I think there is a feel to every language. I speak three languages which can be argued to be of different origins – Marathi and Hindi, and English. Marathi and Hindi are quite similar and have different sentence structures than English. I think one can understand and familiarise oneself with sentence structure most effectively by conversing in that language.

To familiarise yourself with English, you can start by reading a lot of English literature. This, of course, is assuming that you can read, understand and construct the most basic sentences (for instance, “I eat bread.”). As you progress, your ability to converse in English will get better, because you’ll learn the grammar and structure. Once your ability is strong enough, you’ll be able to construct sentences with ease. If you happen to read/construct an incorrect sentence, an inner voice will tell you that it just doesn’t feel right.
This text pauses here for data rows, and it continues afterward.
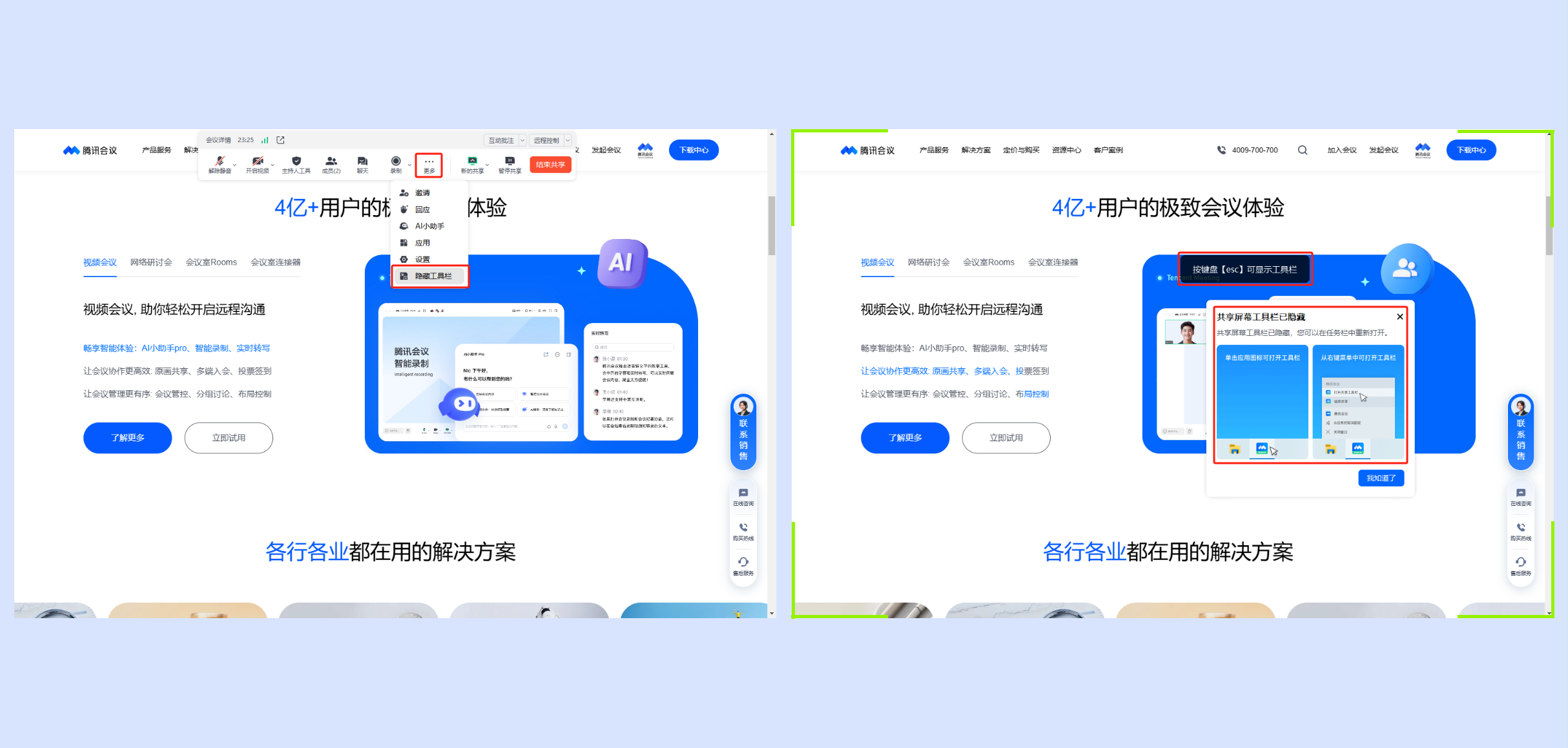 3.31及以上版本支持共享屏幕时隐藏工具栏
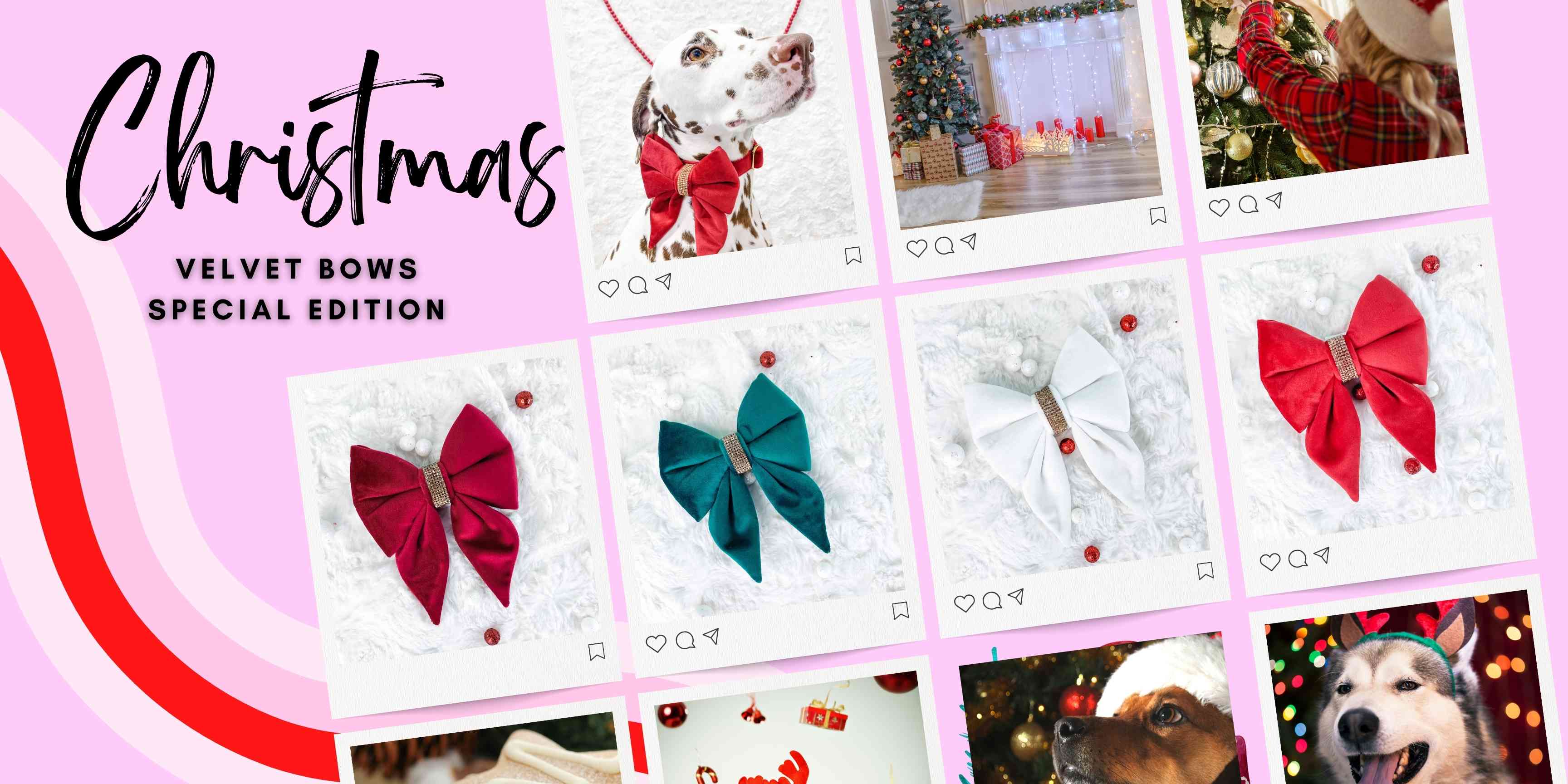 Choose from collars, leashes, bow ties, and sailor bows to create your pup’s perfect winter look.
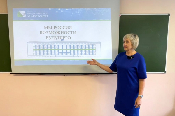 Первое занятие «Россия – страна возможностей» провела директор колледжа И. В. Конырева. В своей беседе со студентами колледжа она рассказала о реализуемых в стране масштабных проектах в различных областях промышленности и экономики, о том, что в КнАГУ и колледже предоставляются студентам равные и разнообразные возможности, чтобы каждый мог проявить себя, реализовать свои таланты и профессиональный потенциал, воплотить в жизнь бизнес-идеи или общественные инициативы.

The other way to go, which is memorizing grammar rules (which are enormous in number), will not only disable you from conversing in English but will also not help you to develop a grasp of the language. This might be a shorter way out, but considering the long-term picture, wouldn’t be of much help (This has happened to me. I studied Sanskrit in my school for six years, and at the end, I couldn’t speak fluently in Sanskrit. The way they taught the language was exactly as is mentioned here – they made us memorize rules).